=head1 NAME

Coro::Multicore - make coro threads on multiple cores with specially supported modules

=head1 SYNOPSIS

 # when you DO control the main event loop, e.g. in the main program

 use Coro::Multicore; # enable by default

 Coro::Multicore::scoped_disable;
 AE::cv->recv; # or EV::run, AnyEvent::Loop::run, Event::loop, ...

 # when you DO NOT control the event loop, e.g. in a module on CPAN
 # do nothing (see HOW TO USE IT) or something like this:

 use Coro::Multicore (); # disable by default

 async {
    Coro::Multicore::scoped_enable;

    # blocking is safe in your own threads
    ...
 };

=head1 DESCRIPTION

While L<Coro> threads (unlike ithreads) provide real threads similar to
pthreads, python threads and so on, they do not run in parallel to each
other even on machines with multiple CPUs or multiple CPU cores.
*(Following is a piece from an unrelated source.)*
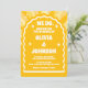 Unsere minimale, mutige Retro-Hochzeitseinladung ist perfekt für das trendige Ehepaar, das von Lieben stehend und kühn gesprochen wird. Unser Design zeichnet sich durch eine fett hellgelbe und hellgelbe Farbkombination aus. Einfache, abstrakte, gewellte Bogenformen schaffen mit "We Do" einen kühnen Look, der mutig in weißem, großen Schriftart angezeigt wird. Auf der Rückseite des Hauses befindet sich ein einfaches modernes Design mit einem fett gedruckten Monogramm und einer optionalen Website-Adresse für die Hochzeit eines Paares.

This module lifts this restriction under two very specific but useful
conditions: firstly, the coro thread executes in XS code and does not
touch any perl data structures, and secondly, the XS code is specially
prepared to allow this.

This means that, when you call an XS function of a module prepared for it,
this XS function can execute in parallel to any other Coro threads. This
is useful for both CPU bound tasks (such as cryptography) as well as I/O
bound tasks (such as loading an image from disk). It can also be used
to do stuff in parallel via APIs that were not meant for this, such as
database accesses via DBI.

The mechanism to support this is easily added to existing modules
and is independent of L<Coro> or L<Coro::Multicore>, and therefore
could be used, without changes, with other, similar, modules, or even
the perl core, should it gain real thread support anytime soon. See
L<http://perlmulticore.schmorp.de/> for more info on how to prepare a
module to allow parallel execution. Preparing an existing module is easy,
doesn't add much overhead and no dependencies.

This module is an L<AnyEvent> user (and also, if not obvious, uses
L<Coro>).

=head1 HOW TO USE IT

Quick explanation: decide whether you control the main program/the event
loop and choose one of the two styles from the SYNOPSIS.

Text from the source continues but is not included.